PNH: Knows lots of working writers where there is a stage, right after, where the work is radioactive. They can see nothing good in it. They must let it sit for a week. Several half lives.

MB: How _long_?

PNH: Some get into _endless_ revision cycles.

JS: Little thing called deadline which keeps folks from sitting on stuff too long.

Aud: Blind (?) Read It Aloud!

DGH: That's really good advice.

JS: _Especially_ dialogue.

PNH: Interesting. I tend to read in blocks of text.

JS: I do recording for the blind -- have to stop when I start talking back to the author -- "no, that's wrong!"

PNH: Kindle 2 will read aloud.

DGH: A whole level of editing you just can't _do_ for yourself. E.g., _good_ author who chose the wrong point of view.

MB: But she's looking forward to it, right?

DGH: After ten days, she was able to talk to me again. I don't have to do this _often_. _Those Who Can_, Kate Wilhelm's chapter on point of view.

PNH: Happened at halfway point to John Scalzi.

MB: If you are having trouble with one thing, set it aside and write something else.

Aud: Read aloud three times. Once for copy editing. Twice for proofing.

Aud: How do you _not_ edit yourself?

MB: Drugs and alcohol. Weren't you paying attention?

PNH: Clarify? How do you get words on paper?

Aud: [illeg] in creative writing, and killed ability to write.

MB: Former student -- give yourself _immediate_ deadline, e.g., 30 minutes and timer. 2 pages.

PNH: Good [illeg]. Also, pretend you've decided you can't write it, but for some reason, it is necessary to describe the book you were going to write -- to a sympathetic friend -- in considerable detail.

DGH: Wear a mask. It works better than you think.

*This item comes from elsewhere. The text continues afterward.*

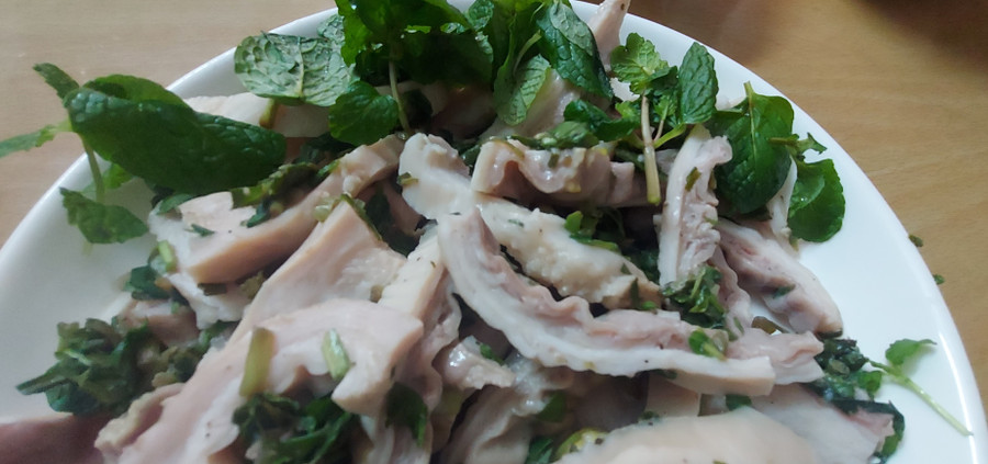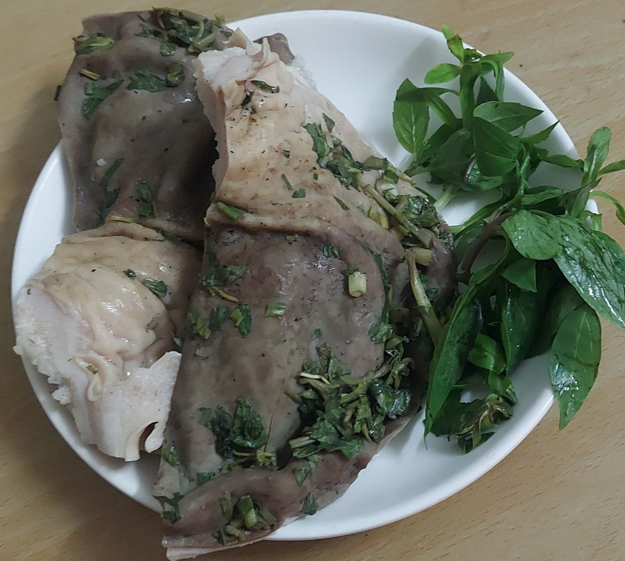 Mỗi lần thấy mẹ đi chợ về và cất tiếng gọi, bố liền tủm tỉm cười mà rằng: “Nay bố con ta lại được “miệng nhai, tai nghe”. Nào, mỗi đứa giúp một tay. Hai đứa nhặt rau thơm (húng quế, ngổ, hành hoa, rau răm) còn bố sẽ làm sạch cái dạ dày này. Chà, sẽ giòn lắm đây vì mẹ mua được hàng tươi ngon!”.

Performance / public speaking pretend to be someone else.

Aud: Chip Delaney?

MB: Or say you're writing a book about a writer, describing the book that writer is writing.

Aud: Give yourself something to _re_write -- but how do you know _when_ the cake is done?

DGH: Very sf anser: find a story which is pretty good, but writer screwed up, yet published -- and write it better.

PNH: We Who Are About To... Joanna Russ's response to MZB's Darkover Landfall. How 15 - 17 year olds do it and get published.

DGH: One of sf's strength's. _Dialogue_.

Alt: Just write it and send it out -- Heinlein.

MB: Give yourself _draft_ deadline -- after X number of drafts -- 1 or 2.

PNH: An excercise of imagination -- same muscles of creativity in play -- as if you're X type of writer.

Aud ref cite for NYRSF article -- is it online?

DGH: Almost. We have electronic copies.

PNH: Delivered to your door by a dray of horses.

Aud: Na No Wri Mo

PNH: Yah, writer grows, et cetera. Just an anchor point to keep you working. Not necessary critiques. Also downsides to work story process -- overworkshopped.

MS: TNH -- "Workshop Freezer Burn". Certain types of criticism are _easy_ to make in a workshop when you can't think of anything else to say. E.g., X character, I wanted to know more about his backstory.

DGH / PNH: The workshop is the reason that a short story is now 10,000 words, rather than 4,000 words.

JS: Beware Envious Writers who don't want you to succeed.

PNH / DGH: Will never be to your work as a reader. Heinlein _did_ edit himself.

EW: Heinlein got some _awful_ advice at Scribners -- who didn't know "attitude" from "altititude".

PNH: Some folks took stuff he said overly literally.

MB: Some advice works better for a pro than for a starting author. What's the most important piece of advice?

EW: Enjoy what you wrote.

JS: Have the hide of a rhinoceros and the heart of a poet.

DGH: Decide not to do it. Get a good editor to do it.

PNH: Double vision: author / reader.

MB: If you have imagination enough to be a writer, you should have imagination enough to be an editor.